Он встал и, щурясь от света, вышел в чистую комнату, служившую хозяйке кухней, столовой и спальней. У стола хлопотала маленькая, седая, чуть сутулая женщина. Она обернулась и посмотрела на него удивительно ясными и блестящими глазами. Ее округлое, с мягкими чертами лицо светилось улыбкой, взгляд выражал преданность и материнскую любовь. Почти незнакома была Григорьевна со своим квартирантом, но про себя гордилась тем, что ей доверили нашего человека, и любила в нем и своих сыновей, воевавших на фронте, и советскую власть. Те, кто знал Григорьевну, не сомневались, что так же самоотверженно, молчаливо она пойдет на пытки, на смерть за человека, которого ей доверили.

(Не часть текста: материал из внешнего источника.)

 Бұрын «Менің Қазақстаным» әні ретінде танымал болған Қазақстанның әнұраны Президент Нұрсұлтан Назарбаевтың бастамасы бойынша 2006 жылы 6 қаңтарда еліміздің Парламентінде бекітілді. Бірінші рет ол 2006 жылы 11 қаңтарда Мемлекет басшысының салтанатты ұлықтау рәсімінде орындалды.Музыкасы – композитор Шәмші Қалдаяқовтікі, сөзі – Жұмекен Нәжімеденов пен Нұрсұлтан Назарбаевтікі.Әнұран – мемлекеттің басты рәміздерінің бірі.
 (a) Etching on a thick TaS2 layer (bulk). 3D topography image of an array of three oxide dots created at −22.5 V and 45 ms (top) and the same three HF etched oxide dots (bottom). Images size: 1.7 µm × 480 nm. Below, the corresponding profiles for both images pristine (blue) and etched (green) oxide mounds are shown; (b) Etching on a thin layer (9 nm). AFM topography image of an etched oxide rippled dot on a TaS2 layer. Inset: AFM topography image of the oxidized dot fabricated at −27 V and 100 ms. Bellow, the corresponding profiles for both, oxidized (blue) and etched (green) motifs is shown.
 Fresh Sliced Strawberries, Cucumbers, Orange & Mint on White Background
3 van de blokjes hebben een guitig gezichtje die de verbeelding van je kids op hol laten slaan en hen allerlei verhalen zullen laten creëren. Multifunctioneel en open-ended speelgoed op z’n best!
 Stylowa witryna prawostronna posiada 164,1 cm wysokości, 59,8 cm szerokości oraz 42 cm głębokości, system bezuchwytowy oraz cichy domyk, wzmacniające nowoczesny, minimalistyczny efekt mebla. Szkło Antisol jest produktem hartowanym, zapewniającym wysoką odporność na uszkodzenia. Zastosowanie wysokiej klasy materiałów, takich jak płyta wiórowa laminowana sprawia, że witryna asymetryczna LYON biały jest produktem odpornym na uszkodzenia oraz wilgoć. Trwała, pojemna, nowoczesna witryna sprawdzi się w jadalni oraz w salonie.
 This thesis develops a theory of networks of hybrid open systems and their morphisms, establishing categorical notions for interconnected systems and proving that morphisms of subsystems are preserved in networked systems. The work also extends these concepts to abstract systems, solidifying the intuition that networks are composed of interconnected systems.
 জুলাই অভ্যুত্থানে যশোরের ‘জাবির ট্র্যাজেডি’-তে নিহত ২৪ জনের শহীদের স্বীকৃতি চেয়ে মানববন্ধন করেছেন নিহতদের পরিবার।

– Садитесь, поужинаем. Верно, проголодались.
– Ничего… – сказал Гаркуша.
Как и всегда, он молчал, хмурился, не зная, о чем говорить с этой женщиной. Обыденные разговоры он считал слишком мелкими, а важные дела не мог обсуждать с нею из соображений осторожности и соблюдения тайны. На первых порах его хмурый вид и молчаливость стесняли Григорьевну, но потом она привыкла и, потчуя своего квартиранта («Ешьте, ешьте на здоровье»), она вела свой тихий рассказ, неизменно вспоминая мужа, которого зарубили петлюровцы в девятнадцатом году на Думской площади, и двух сыновей, воюющих теперь неведомо где.

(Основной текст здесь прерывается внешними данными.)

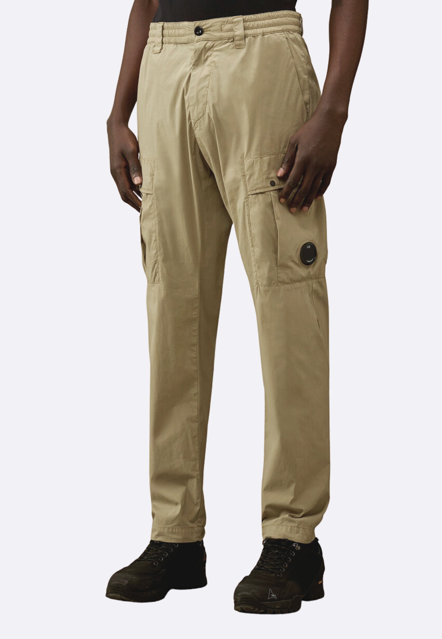Pantaloni cargo realizzati in 50 Fili Stretch, un’evoluzione dell’iconico tessuto in nylon/cotone di C.P. Company, aggiornato con nylon elasticizzato per offrire maggiore comfort e libertà di movimento. Il modello presenta una vita regolabile con coulisse, una chiusura con bottone e zip e passanti per cintura. Il design è completato da tasche laterali, tasche cargo con patta, bottoni automatici e l’iconica Lente di C.P. Company, e una tasca posteriore con bottone automatico ed etichetta con logo applicata. I pantaloni sono tinti in capo per ottenere intensità cromatiche uniche che si esaltano con il tempo e l’utilizzo. Regular fit.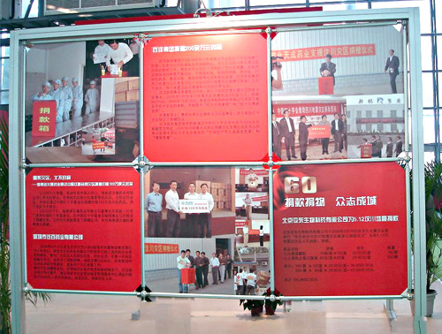 在此次全國藥品交易會上,組委會舉辦了60屆專題回顧活動。在“眾志成城,抗震救災——用我們的愛心給你們力量”大型圖片展,對全國醫藥企業,在四川汶川地震時的奉獻愛心活動進行了報導,并刊登了我公司王振剛總經理以及我公司員工捐款活動的大幅照片,四川醫藥工業協會向支持抗震救災的藥界同仁,表示衷心感謝和致敬。全國藥品交易會組委會表示,為了支持災區重建,全國藥品交易會將在四川連續舉辦三次。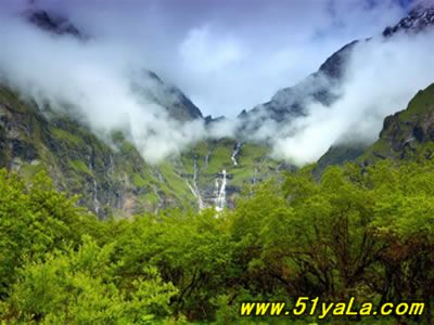 龍眼,位于四川省四姑娘山深處。據(jù)當(dāng)?shù)厝私榻B,只有采藥的人到過這個(gè)地方,當(dāng)?shù)仡愃埔粋€(gè)盆地,四周都是4、5千米海拔的雪山環(huán)繞,山頂終年積雪,山腰處數(shù)十條瀑布飛流而下,小的幾十米高、大的上百米,其中一處自山腰一洞中噴射而下,落入下面石臺(tái)分成幾股,再下再分,頗為壯觀,其壯如龍吐水,故名"龍眼"。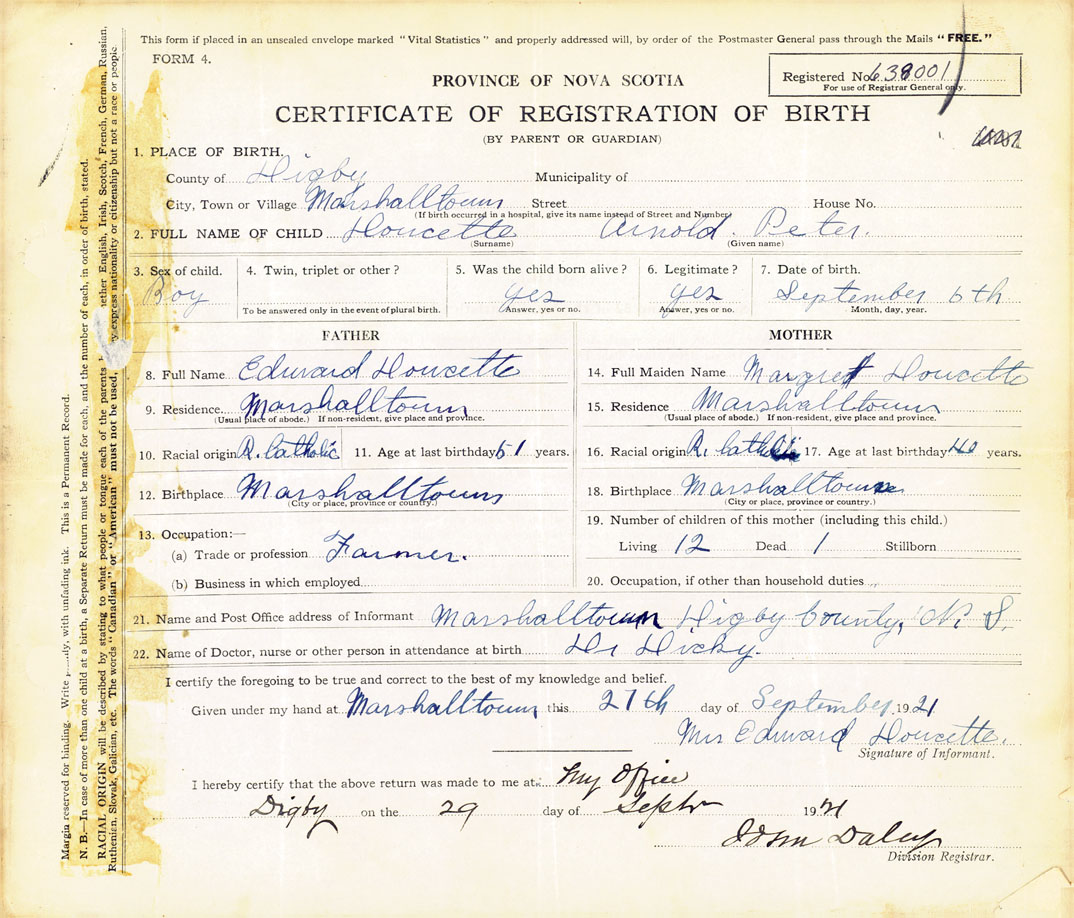 21. Name and Post Office address of Informant Mrs Edward Doucette Marshalltown, Digby Co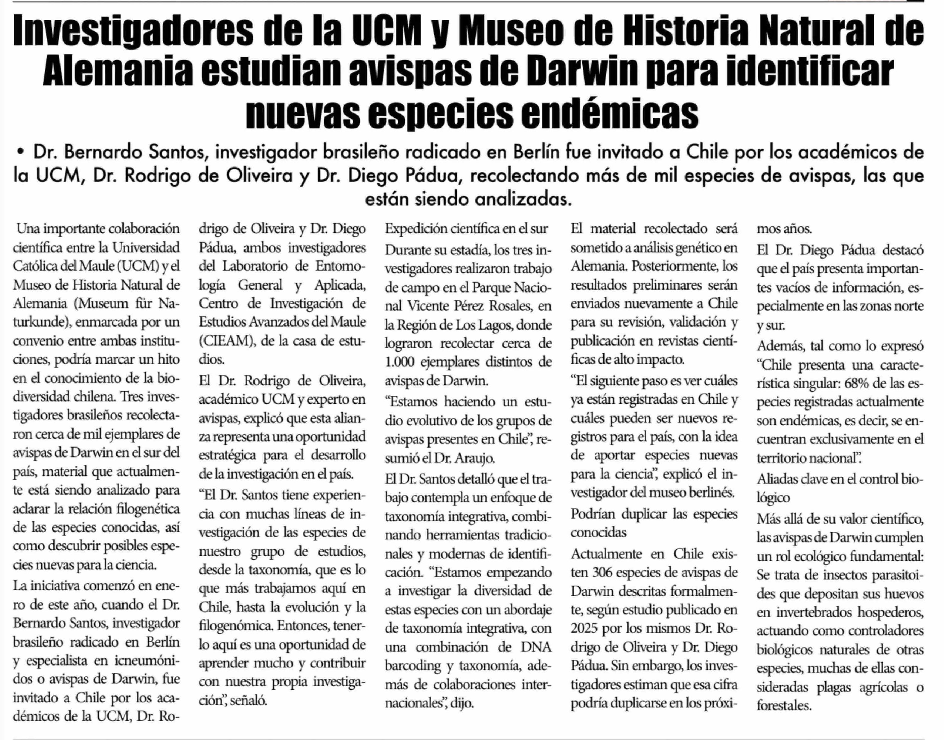 Investigadores de la UCM y Museo de Historia Natural de Alemania estudian avispas de Darwin para identificar nuevas especies endémicas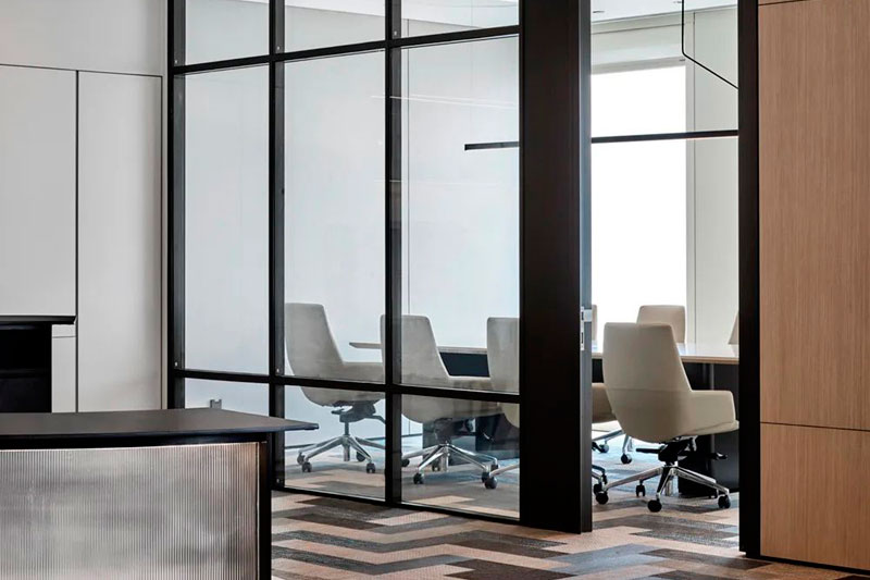 后場(chǎng)辦公區(qū)延續(xù)了前廳的辦公理念,結(jié)合不同功能形式的會(huì)議室、電話間,提供了多選擇的工作模式,簡(jiǎn)潔而高效。大量可再生面料的墻飾、可回收吸音板和仿生苔蘚的應(yīng)用,豐滿了視覺(jué)層次并極大提升了空間的聲學(xué)效果。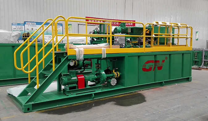 泥漿固控系統(tǒng)中的主體設(shè)備 本套泥漿固控系統(tǒng)的主體分離設(shè)備為一臺(tái)GNZS752新型泥漿振動(dòng)篩和一臺(tái)GNLW223臥螺式沉降離心機(jī)。經(jīng)過(guò)以上兩臺(tái)分離設(shè)備的處理后,可以將泥漿中的細(xì)小顆粒分離出來(lái),從而得到凈化的泥漿。加裝一臺(tái)射流混漿料斗和混合泵以后,就可以完成井隊(duì)泥漿的混配。客戶只要再匹配一臺(tái)發(fā)電機(jī)就可以實(shí)現(xiàn)泥漿固控系統(tǒng)的施工。

– Не побил нас Петлюра, не побил Деникин, не побьет и Гитлер. Отольются ему наши слезы.
Она украдкой утирала глаза, смущенно улыбалась и еще более добрым и преданным взглядом смотрела на Гаркушу.
26
«А что, что я мог сделать?» – в тысячный раз говорил себе Олекса Зубарь.

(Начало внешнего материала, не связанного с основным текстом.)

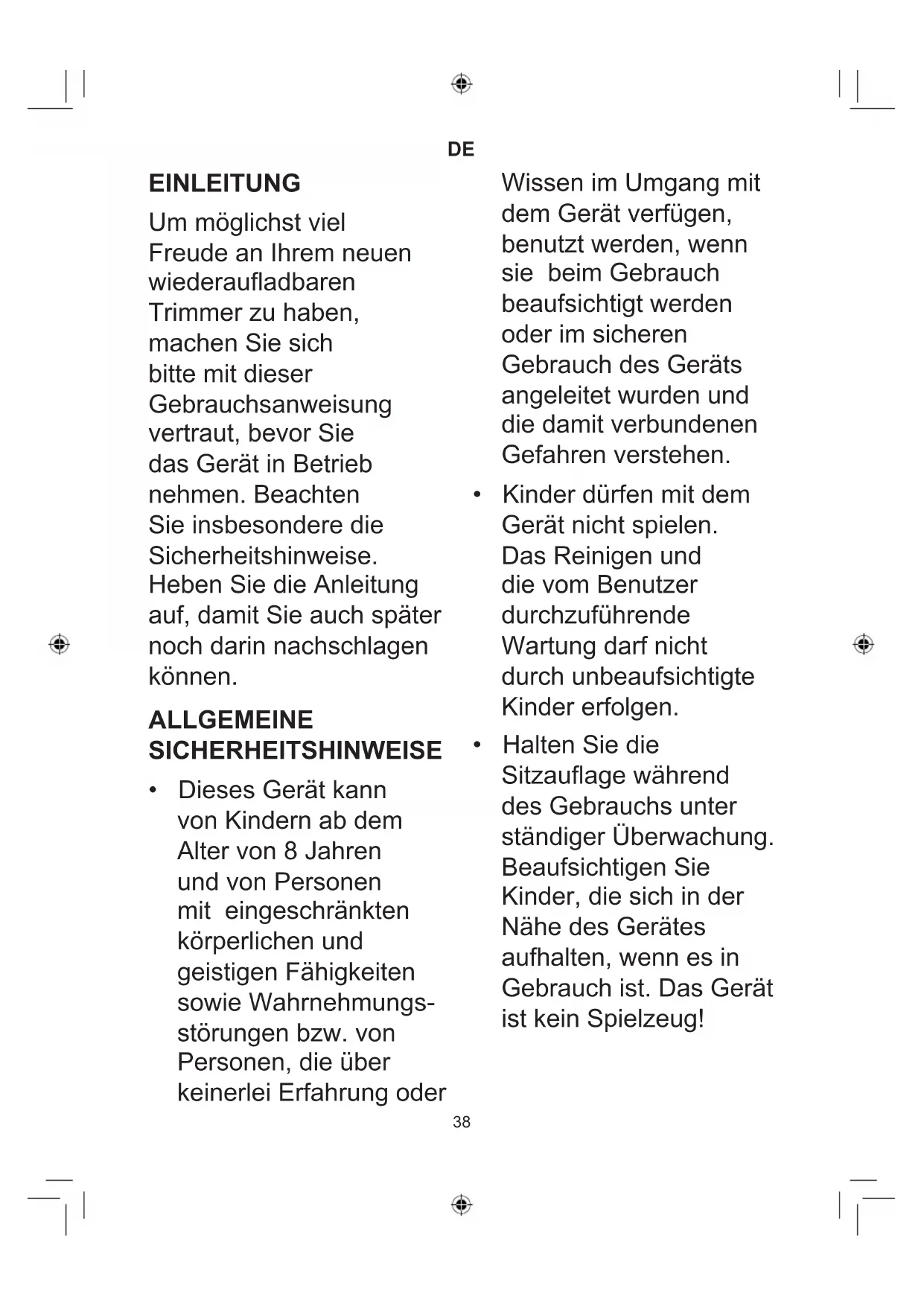 EINLEITUNG Um möglichst viel Freude an Ihrem neuen wiederaufladbaren Trimmer zu haben, machen Sie sich bitte mit dieser Gebrauchsanweisung vertraut, bevor Sie das Gerät in Betrieb nehmen. Beachten Sie insbesondere die Sicherheitshinweise. Heben Sie die Anleitung auf, damit Sie auch später noch darin nachschlagen können. ALLGEMEINE SICHERHEITSHINWEISE

Встречал знакомых. Одни смотрели на него с сочувствием и молчали. Другие были равнодушны: «Что же тут такого?.. Всех их уничтожили, и твоя Марьяна не исключение». Этих волновало иное: хлеб насущный.
Но замечал он и укоризненные взгляды; тогда уже со злостью говорил себе и другим: «А что, что я мог сделать?»
Те люди, в глазах которых он читал невысказанный укор, таинственным шепотом рассказывали, что, мол, Заболотный не отдал фашистам жены-еврейки и дочери – удрал вместе с ними, ищи ветра в поле. Что Ковалевская прячет мужа неведомо где – то ли на чердаке, то ли в развалинах – и поклялась: либо останемся живы, либо умрем вместе с ним. Рассказывали о спасенных детях…
Зубарь весь темнел, глаза наливались яростью.
– Все это выдумки, выдумки. Зачем болтать!..
Он поворачивался спиной и уже никогда больше не заговаривал с людьми, напоминавшими ему о том дне, который он хотел и никак не мог забыть.
«Что я мог сделать?» – спрашивал себя, ища в этих словах оправдания. Но тут ему слышался голос матери: «Ты ничего и не пытался делать, пальцем не шевельнул. Ты даже не попрощался с нами…»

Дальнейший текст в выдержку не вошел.